2000mAh no significa que por cada hora de funcionamiento puede entregar 2000mA... 
Reitero la pregunta: ¿Qué quieren decir los mAh de una batería? (cuando puedas contestarme eso no necesitás mucha más ayuda para entender dónde está el problema)


joel octavio dijo:


> *QU*iero al menos que me dure todo un dia...


Ponete a hacer las cuentas de cuánta corriente necesitás y de cuántos mAh tendría que ser la batería (esto lo podés hacer después de contestar qué quiere decir mAh).
Hecho ese cálculo verás qué batería necesitás para lograr eso.


joel octavio dijo:


> ...tiene que ver en algo por lo que me sucede que solo me duran dos a tres horas en funcionamiento?

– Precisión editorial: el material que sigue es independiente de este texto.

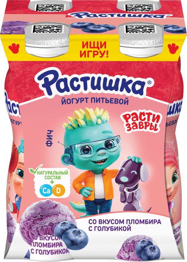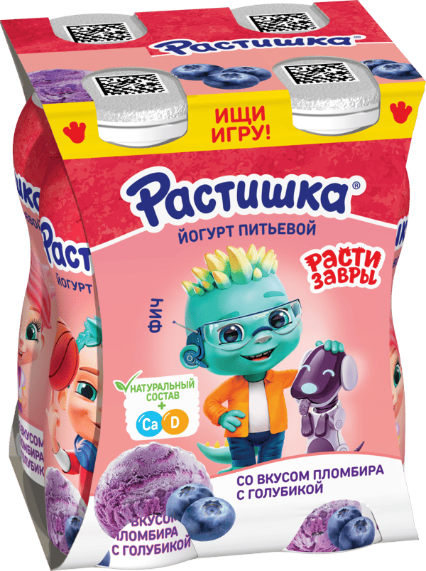 Питьевой йогурт Пломбир с голубикой 90 г «Растишка» в бутылочке изготовлен из отборного молока с использованием йогуртовой закваски, а также спелых ягод от проверенных поставщиков. Только натуральные ингредиенты + кальций и витамин D3. Для питания детей дошкольного и школьного возраста старше 3 лет. С массовой долей жира 1,6 %.

De nuevo, ¿qué son los mAh?


Saludos


----------



## mufo (May 9, 2010)

cacho el link que puso "peruanito2088" me parece increible, de hecho hasta ganas de hacer un juguete asi.... dice que es de 5W y funciona con USB o 3 pilas. he buscado en el foro amplificadores pequeñitos a transistores (cosas simples) y encontre este (foto) pero dicen que no amplifica nada asique no se cual usar, alguna ayuda?
pd: lo importante es que igual tire algo asi como entre 2W y 5W... para que se sienta


----------



## rudyloco (Jun 24, 2010)

holas brothers decirles que el tda2822m funciona bien aca les dejo el data sheet
http://www.datasheetcatalog.org/datasheets/150/326238_DS.pdf


----------



## torquer (Sep 25, 2010)

juanjaem dijo:


> No te aconsejo que lo alimentes a pilas, porque por mucho ke gaste poco, no ivas a ganar para pilas. Lo mejor es que prueves con una bateria pequeña de moto, o algo por el estilo (si puede ser que pese poco) pero ke dure bastante mas. Y con los 12 voltios ke da una bateria de moto, puedes alimentar amplificador hechos por ejemplo con un TDA2003 (vale 1'5 €), que es muy simple.( http://eu.st.com/stonline/books/pdf/docs/1449.pdf ).
> 
> tambien esta el amplificador operacional muy barato TDA2822 que se alimenta desde 3 hasta 15 voltios (segun como lo alimentes, dara mas o menos potencia, a 9 voltios 1.3watt).
> 
> en fin adios



tengo una pregunta  sabes como son cada uno de los capacitores en el amplificador  de 9v de 10w, tda2003 osea me refiero a sin a algunos son cerámicos y como son haber, si me pueden mandar una foto de ellos o algo así . lo que pasa es que cuando le subo el volumen casi al final se distorsiona feo aunque lo use con baterías o con una fuente de 3Amperios y no se si es por los capacitores o que....                        " saludos"


----------



## elneroo (Nov 26, 2010)

hola DJ DRACO  como estas esta muy intersante el amplificador y el preampl. sabes disculpa la molestia pero el pcb que dejas no se aprecia muy tu crees q*UE* podrias adjuntar fotos o si derrepente as mejora el pcb o mostrar uno mejor gracias de verdad y funciona no?...........


----------



## stalker94 (Dic 8, 2010)

https://www.forosdeelectronica.com/f31/amplificador-8w-paso-paso-48027/

mira yo hise este aporte el sistema anda genial y si tenes un poco de habilidad en la  electronica vas a poder achicarlo a la mitad 

el aparatito funciona con 12v yo lo ise andar con esas pilas de 12v 27 amp pero 27 amper son demaciado y se colgava pero si pudieses encontrar la forma de disminuir el amperaje andaria super cool


----------